-- ENTRIES SUPPLIED --
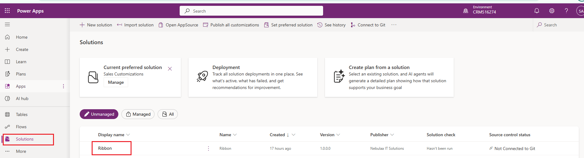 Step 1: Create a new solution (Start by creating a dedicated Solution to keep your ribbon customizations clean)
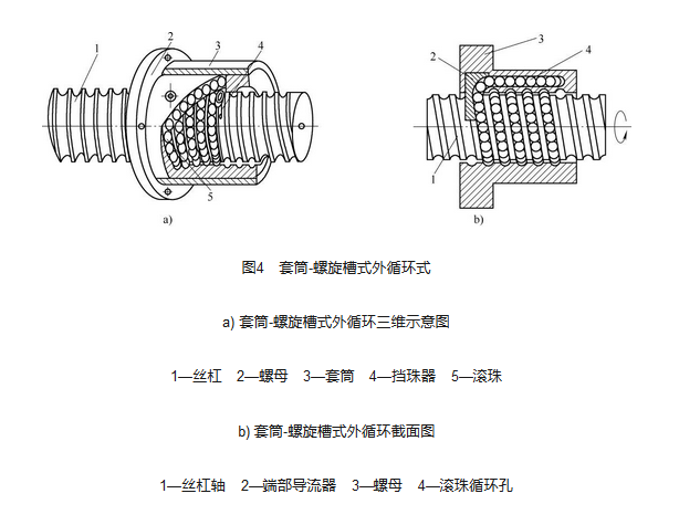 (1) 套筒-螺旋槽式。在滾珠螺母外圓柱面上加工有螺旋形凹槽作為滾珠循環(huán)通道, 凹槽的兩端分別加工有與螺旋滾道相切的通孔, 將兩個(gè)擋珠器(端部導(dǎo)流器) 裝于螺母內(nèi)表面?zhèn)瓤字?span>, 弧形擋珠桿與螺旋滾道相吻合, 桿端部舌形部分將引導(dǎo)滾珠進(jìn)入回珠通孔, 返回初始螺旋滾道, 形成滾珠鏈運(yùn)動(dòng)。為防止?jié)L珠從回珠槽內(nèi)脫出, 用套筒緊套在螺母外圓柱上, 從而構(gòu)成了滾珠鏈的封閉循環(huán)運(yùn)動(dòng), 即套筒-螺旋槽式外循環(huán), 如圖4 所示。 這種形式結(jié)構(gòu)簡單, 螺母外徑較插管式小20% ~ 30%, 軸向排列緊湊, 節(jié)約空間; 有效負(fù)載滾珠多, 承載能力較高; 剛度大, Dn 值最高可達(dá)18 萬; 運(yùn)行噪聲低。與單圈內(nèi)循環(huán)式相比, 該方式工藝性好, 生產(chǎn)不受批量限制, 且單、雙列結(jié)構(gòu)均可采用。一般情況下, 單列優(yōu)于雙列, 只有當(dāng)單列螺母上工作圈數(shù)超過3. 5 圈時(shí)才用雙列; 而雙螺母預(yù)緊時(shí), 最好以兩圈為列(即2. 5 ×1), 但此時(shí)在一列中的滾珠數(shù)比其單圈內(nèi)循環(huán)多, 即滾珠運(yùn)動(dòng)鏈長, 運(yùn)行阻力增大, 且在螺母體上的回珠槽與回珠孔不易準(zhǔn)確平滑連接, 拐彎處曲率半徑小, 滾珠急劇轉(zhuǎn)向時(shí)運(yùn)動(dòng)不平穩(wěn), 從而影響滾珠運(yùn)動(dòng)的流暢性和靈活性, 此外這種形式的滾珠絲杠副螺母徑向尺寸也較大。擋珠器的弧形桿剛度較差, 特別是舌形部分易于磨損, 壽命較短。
...
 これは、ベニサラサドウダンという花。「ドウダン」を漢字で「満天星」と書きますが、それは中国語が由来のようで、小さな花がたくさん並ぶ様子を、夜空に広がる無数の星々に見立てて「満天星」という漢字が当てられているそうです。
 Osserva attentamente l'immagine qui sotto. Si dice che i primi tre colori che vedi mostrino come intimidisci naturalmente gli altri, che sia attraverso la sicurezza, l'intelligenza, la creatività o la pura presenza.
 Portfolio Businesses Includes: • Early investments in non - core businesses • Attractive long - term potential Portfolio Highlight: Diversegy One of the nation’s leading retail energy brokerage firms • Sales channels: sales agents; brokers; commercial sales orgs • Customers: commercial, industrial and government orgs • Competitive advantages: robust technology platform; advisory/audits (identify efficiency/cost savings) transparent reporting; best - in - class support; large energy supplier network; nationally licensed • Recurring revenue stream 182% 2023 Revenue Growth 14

-- TASK DIRECTIONS --
Reproduce the lines above, beginning at the line with "Osserva attentamente l'immagine" and stopping after the line with "Portfolio Businesses Includes: •", exactly as they are.

-- WRITTEN SOLUTION --
 Osserva attentamente l'immagine qui sotto. Si dice che i primi tre colori che vedi mostrino come intimidisci naturalmente gli altri, che sia attraverso la sicurezza, l'intelligenza, la creatività o la pura presenza.
 Portfolio Businesses Includes: • Early investments in non - core businesses • Attractive long - term potential Portfolio Highlight: Diversegy One of the nation’s leading retail energy brokerage firms • Sales channels: sales agents; brokers; commercial sales orgs • Customers: commercial, industrial and government orgs • Competitive advantages: robust technology platform; advisory/audits (identify efficiency/cost savings) transparent reporting; best - in - class support; large energy supplier network; nationally licensed • Recurring revenue stream 182% 2023 Revenue Growth 14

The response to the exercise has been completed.